La semana pasada nos detuvimos un momento a considerar aspectos relativos a la autoría y en uno de los modos con que las productoras podían cercenar la disposición de un director sobre su obra, pero es bien sabido que en el cine existe lo que para entendernos denominamos como obra de encargo, en la que la figura del productor -ahora los llaman productor ejecutivo- tomaba las decisiones más importantes de un rodaje, comprendiendo desde el guión hasta la elección de los diferentes directores de cada cuerpo técnico, después o antes de elegir al que se iba a encargar de dirigir el concierto para evitar que el caos se apoderara de la empresa y significara pérdidas para el estudio.
Así, tipos como Hal Roach -que empezó en esto del cine en 1915- con la sangre plagada de plaquetas cinematográficas, sabían muy bien lo que querían y la forma de obtenerlo y por descontado sabía perfectamente a quién debía encomendar cada trabajito.
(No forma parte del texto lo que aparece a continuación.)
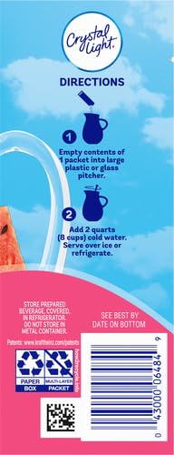 Crystal Light Artificially Flavored Strawberry Watermelon Powdered Drink Mix is a refreshing beverage you can enjoy at any time of day. The fruity watermelon strawberry flavor offers a refreshingly smooth taste. Simply mix one fruit drink packet with 8 cups or 2 quarts of water, stir, and enjoy! All the flavor and only 5 calories, just the way you like it.
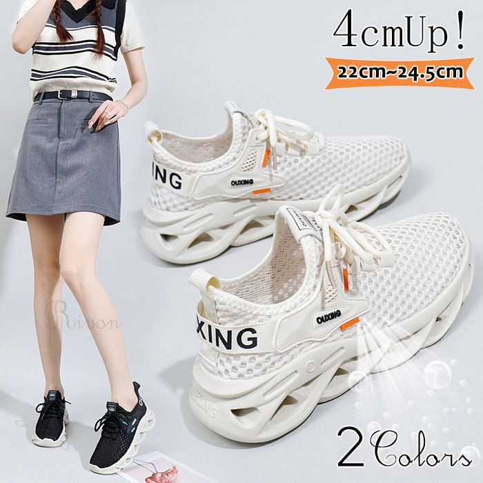 4.5身長アップ 厚底スニーカー レディース メッシュ 軽量 防滑 通気性 カジュアル 蒸れにくい 夏 歩きやすい 疲れない
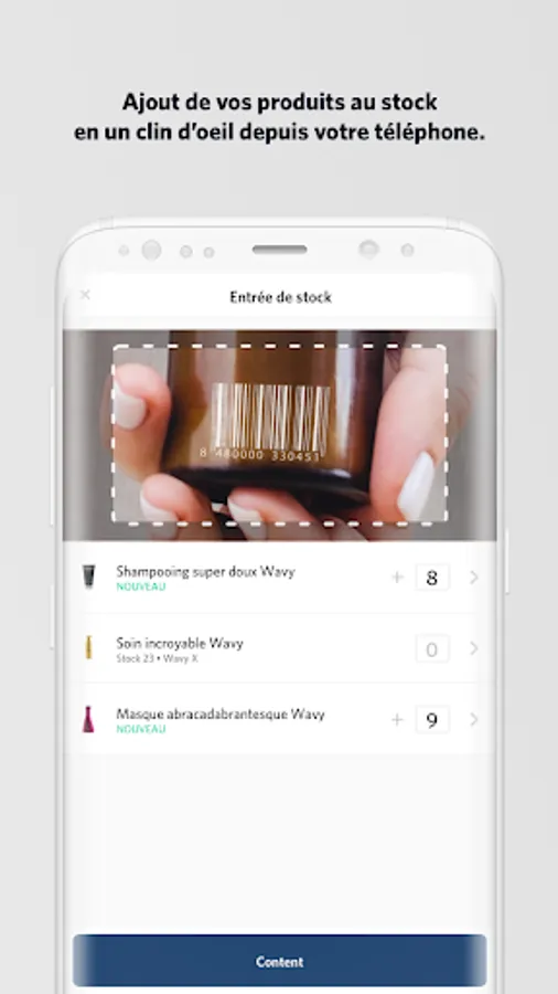 No more shower! Take your phone, open your Wavy checkout app and scan your products in record time.
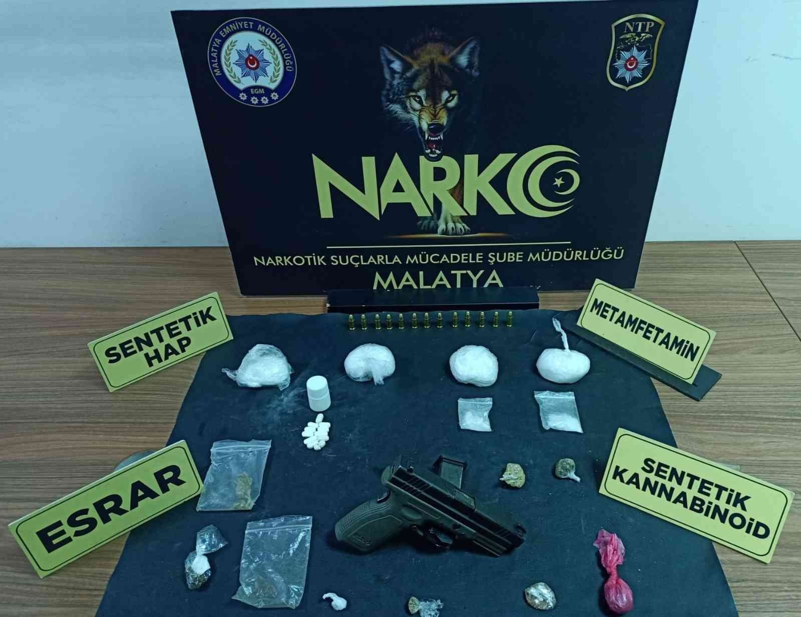 Malatya uyuşturucu ile mücadele kapsamında çalışmalarını aralıksız sürdüren polis ekipleri Malatya- Elazığ karayolu Kale yol uygulama noktasında şüphe üzerine durdurulan bir araçta arama yaptı. Yapılan aramada torpido kısmında özel düzenekle açılan zulalı bölmede 185 gram metamfetamin, 17 gram esrar , 11 adet uyuşturucu hap, 1 adet ruhsatsız tabanca ile 13 adet fişek ele geçirildi.

TopperCuando Roach leyó la novela de Thorne Smith que se basaba cómicamente en las aventuras y desventuras de un banquero a causa de una pareja de antiguos conocidos, supo que en pantalla podía ser un éxito parejo al que tuvo la publicación y encargó a tres guionistas que se hicieran cargo de escribir un libreto para que pudiera dirigirlo Norman Z. McLeod quien había demostrado su solvencia en tanto que director de comedias muy populares e incluso lidiando con el subversivo humor marxista, así que con toda seguridad podría ponerse frente a un reparto en el que un emergente Cary Grant se mataba a sí mismo y a su bella compañera Constance Bennett -ambos como los consortes George y Marion Kerby- al cuarto de hora de la película que se tituló como la novela Topper (1937) que por aquí se tituló Una pareja invisible, cambio de título decididamente estúpido, innecesario y totalmente injusto para con Roland Young, actor acostumbradamente secundario que tuvo la ocasión de brillar por sí mismo al encargarse de soportar el peso de la comedia representando a Cosmo Topper.
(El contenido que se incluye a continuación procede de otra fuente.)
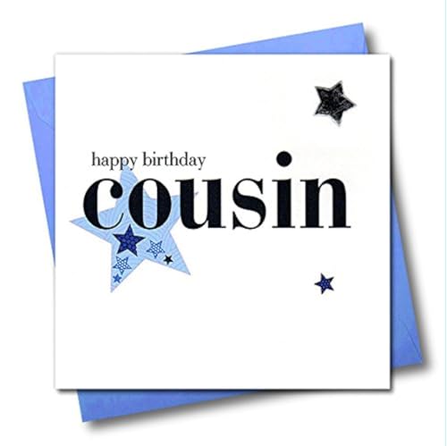 Claire Giles Hjärtan och stjärnor grattis på födelsedagen kusin kort – blå
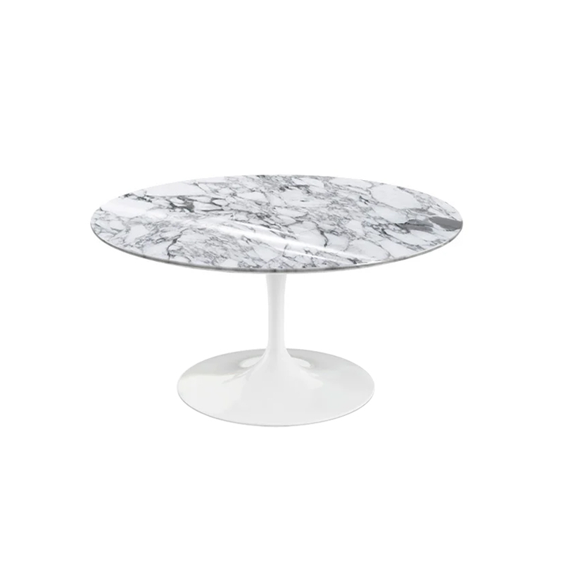 Les tables d'Eero Saarinen "Tulipe", conçues dans les années 50, font partie des meubles cultes de l'histoire du design. Intemporelles, copiées mais jamais égalées, elles allient sobriété et élégance et trouvent leur place dans tout type d'intérieur. Le plateau de la table Saarinen est caractérisé par un chant biseauté qui accentue sa légèreté, quelque soit sa dimension. La table basse Saarinen est équipée d'un pied en fonte d'aluminium avec une finition Rilsan table basse. Le plateau en marbre est recouvert d'un vernis polyester transparent, protégeant la table des tâches.

McLeod recibe con el encargo de Roach no tan sólo la oportunidad de dirigir una comedia sencilla y amable en la que el público puede distraerse comprobando lo bien que viven los ricos en sus grandes mansiones con un comportamiento que está constantemente bordeando lo permitido por el entonces ya vigente código Hayes, con juegos de palabras que directamente chocan con la moralina imperante en los círculos oficiales y remiten a un cierto gamberrismo descontrolado que apunta pero no llega a disparar, porque aunque la base podría dar para mucho más, es evidente que los guionistas no aprovechan la base de la novela para echar vitriolo, como hubiera sucedido de caer en otras manos.
En lo que sí destaca esta película es en el provecho que McLeod saca de los medios a su alcance, principalmente un sistema de sonido marca de la casa, Hal Roach SSD, con el que el técnico Elmer Raguse obtuvo una nominación a los Oscar, porque en Topper el sonido bien sincronizado es fundamental: es un elemento más de la narración al configurarse en muchas de las escenas como cualquiera de los dos cónyuges fallecidos, esos Kerby que, estrellados con su rápido automóvil, permanecen como fantasmas ahora visibles, ahora invisibles, pero casi siempre al lado del pobre Cosmo Topper, al que apabullan o ayudan, compelen e impelen a realizar locuras que nunca antes había siquiera imaginado ser capaz de llevar a cabo.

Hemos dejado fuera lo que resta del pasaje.